600 Harrison Street, 3rd Floor
San Francisco, California 94107
Telephone: (415) 813-1710
(Name, address and telephone numbers of person authorized to receive notices and communications on behalf of filing persons)
Copies to:
Tony Jeffries Yoichiro Taku Lianna Whittleton Christina Poulsen Wilson Sonsini Goodrich & Rosati Professional Corporation 650 Page Mill Road Palo Alto, California 94304 (650) 493-9300 | Ken Hirschman Sarah Tian Udemy, Inc. 600 Harrison Street, 3rd Floor San Francisco, California 94107 (415) 813-1710 |
☐ | Check the box if the filing relates solely to preliminary communications made before the commencement of a tender offer. |
If applicable, check the appropriate box(es) below to designate the appropriate rule provision(s) relied upon:
☒ | Rule 13e-4(i) (Cross-Border Issuer Tender Offer) |
☐ | Rule 14d-1(d) (Cross-Border Third-Party Tender Offer) |
Check the appropriate boxes below to designate any transactions to which the statement relates:
☐ | third party tender offer subject to Rule 14d-1. |
☒ | issuer tender offer subject to Rule 13e-4. |
☐ | going-private transaction subject to Rule 13e-3. |
☐ | amendment to Schedule 13D under Rule 13d-2. |
Check the following box if the filing is a final amendment reporting the results of the tender offer: ☒
This Amendment No. 2 (“Amendment No. 2”) amends and supplements the Tender Offer Statement on Schedule TO originally filed with the Securities and Exchange Commission (the “SEC”) on July 11, 2022 (the “Schedule TO”), by Udemy, Inc., a Delaware corporation (“Udemy” or the “Company”), related to the Company’s offer to exchange (the “Exchange Offer”) certain options to purchase up to an aggregate of 7,373,532 shares of the Company’s common stock and certain stock appreciation rights covering up to an aggregate of 22,655 shares of the Company’s common stock, whether vested or unvested, with an exercise price per share greater than US$11.13 (the “Eligible Awards”).
Filed in satisfaction of the reporting requirements of Rule 13e-4(c)(4) promulgated under the Securities Exchange Act of 1934, this Amendment No. 2 is being filed solely to correct a scrivener’s error included in Amendment No. 1 to the Schedule TO filed with the SEC on August 8, 2022 (“Amendment No. 1”) and re-amend “Item 4 - Terms of the Transaction” to reflect the final results of the Offer to Exchange under the caption “Material Terms.” Only those items amended are reported in this Amendment No. 2. Except as specifically provided herein, the information contained in the Schedule TO remains unchanged, and this Amendment No. 2 does not modify any of the information previously reported in the Schedule TO other than as specifically provided herein.

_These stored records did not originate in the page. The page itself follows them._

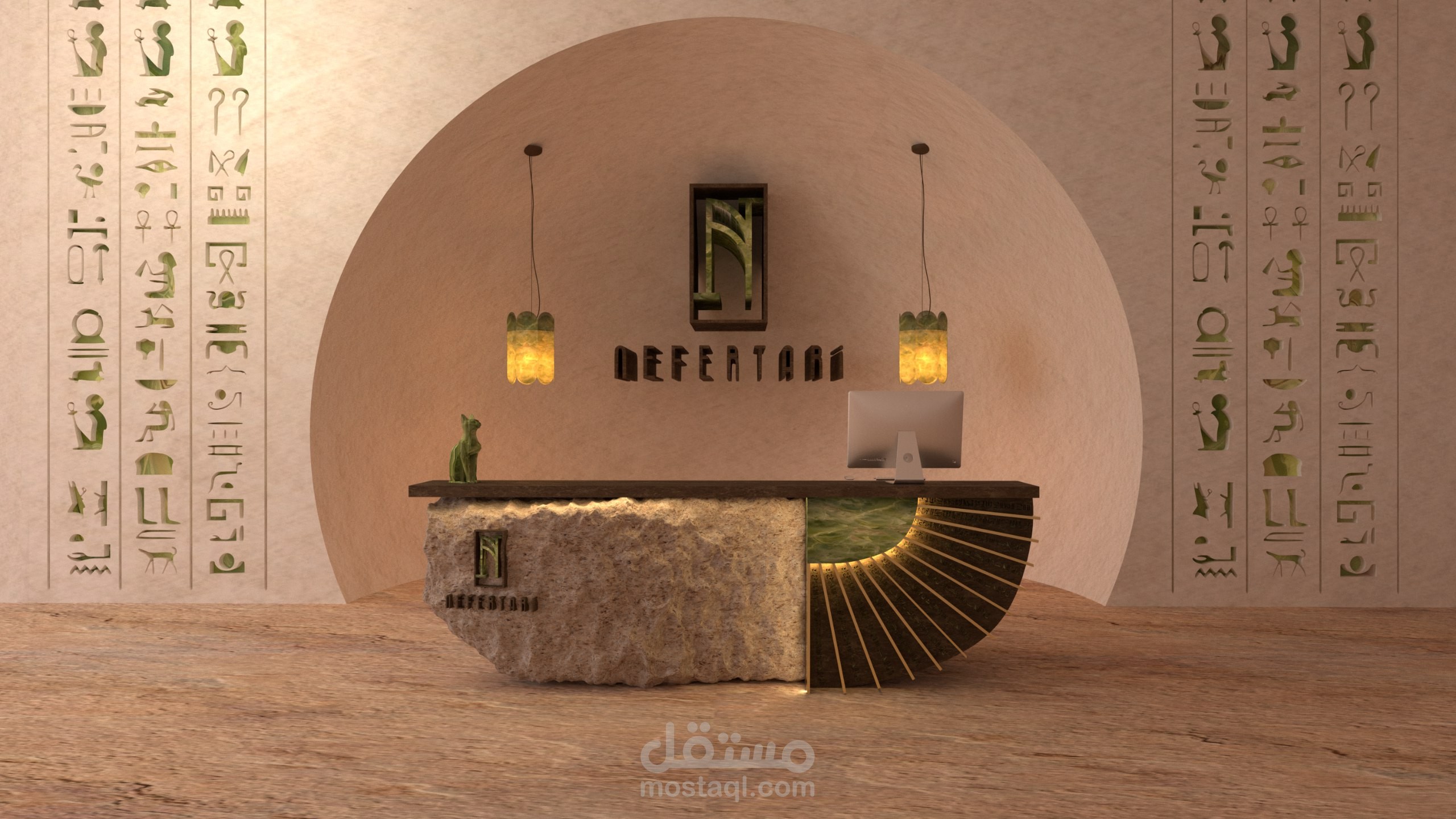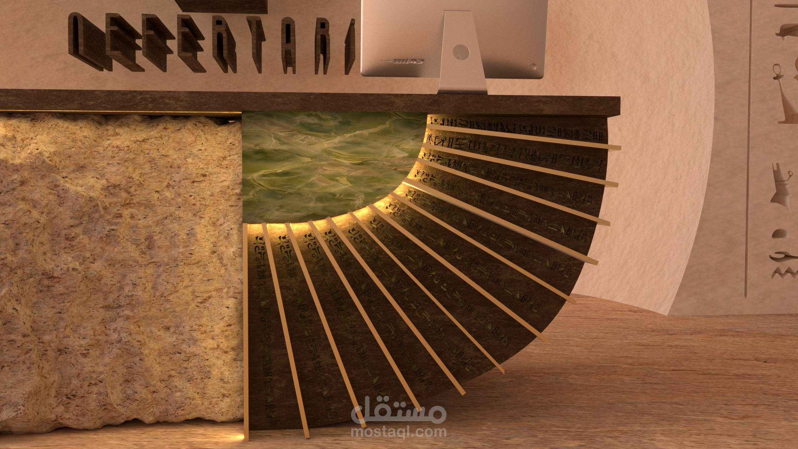A hotel reception desk design inspired by ancient Egyptian civilization, utilizing flooring materials and colors drawn from the rich palette of Egyptian heritage.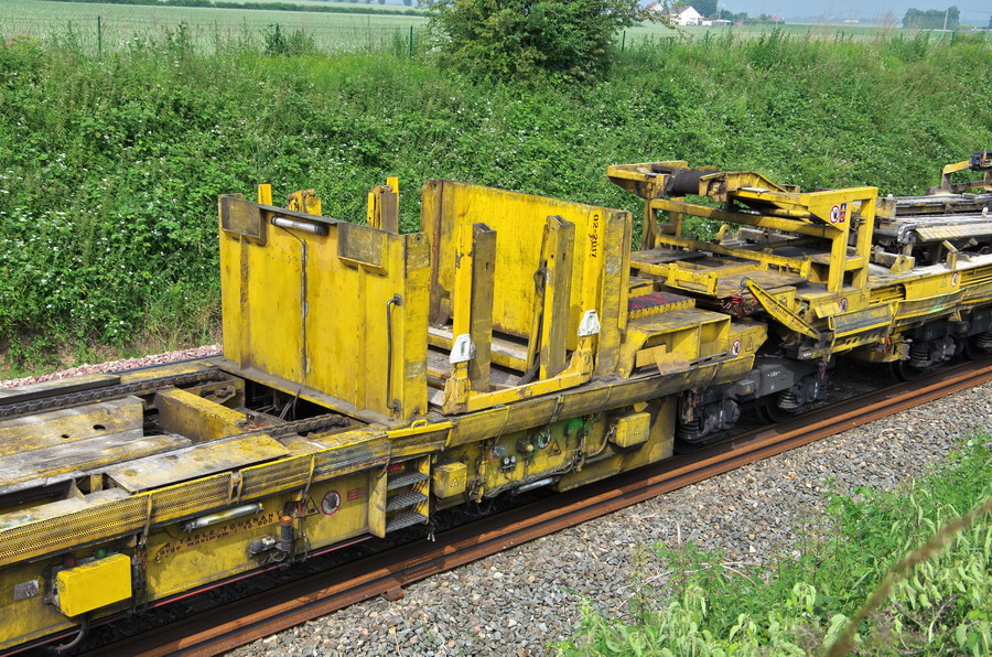 Train de pose P95 ETF 99 87 9 311 503-6 - ETF - "Addax avec le wagon 3 WTP - de transfert et pivotement des palettes de traverses conditionnées PK 20 à Marcelcave le 04-06-2018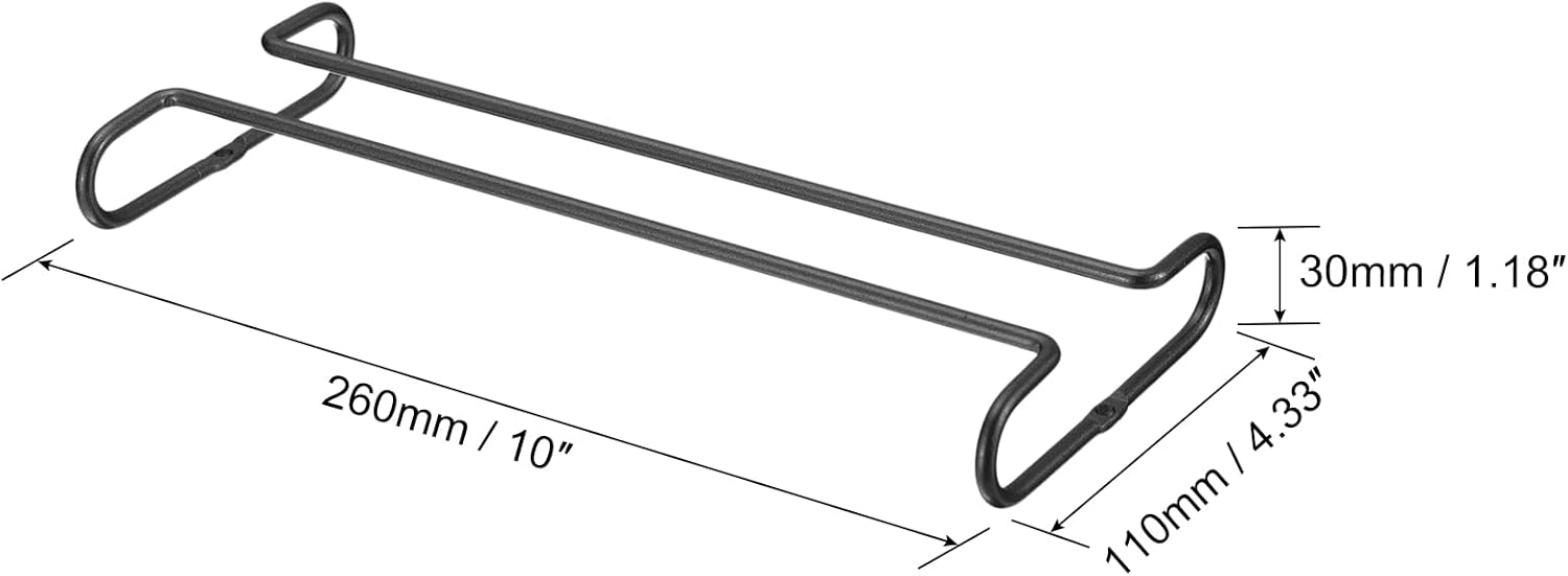 - [Style and Size] This wine glass rack is a single-row metal wine holder; Size: 260x110x30mm/10"x4.33"x1.18"(LxWxH); Material: Stainless Steel; Opening Diameter: 5mm; Color: Black; Products Include: 4pcs x Under Cabinet Wine Glass Holder
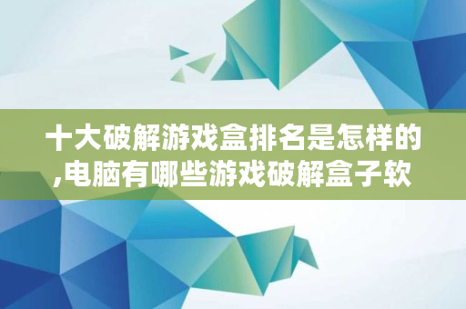 十大破解游戏盒排名是怎样的,电脑有哪些游戏破解盒子软件
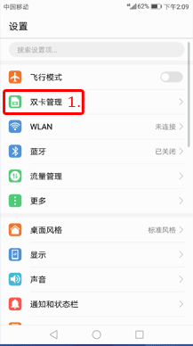 打开【设置】>点击【双卡管理】,根据实际需要,分别对两张 SIM 卡进行设置。点击【默认拨号卡】,可设置拨打电话时显示两张 SIM 卡或仅显示一张默认 SIM 卡。

Item 4. Terms of the Transaction.
Item 4 of the Schedule TO is hereby amended to include the following:
“The Exchange Offer expired on August 6, 2022, at 6:00 p.m., Pacific Time. A total of 617 Eligible Employees elected to exchange Eligible Awards in the offer. Pursuant to the terms and conditions of the offer, the Company accepted for exchange Eligible Awards to purchase a total of 6,958,544 shares of the Company’s common stock, representing approximately 97% of the total shares of common stock underlying the Eligible Awards. All surrendered options and stock appreciation rights were cancelled effective as of the expiration of the option exchange, and immediately thereafter, in exchange therefor, the Company granted restricted stock units representing 6,958,544 shares of Udemy common stock pursuant to the terms of the offer and the Company’s 2021 Equity Incentive Plan.”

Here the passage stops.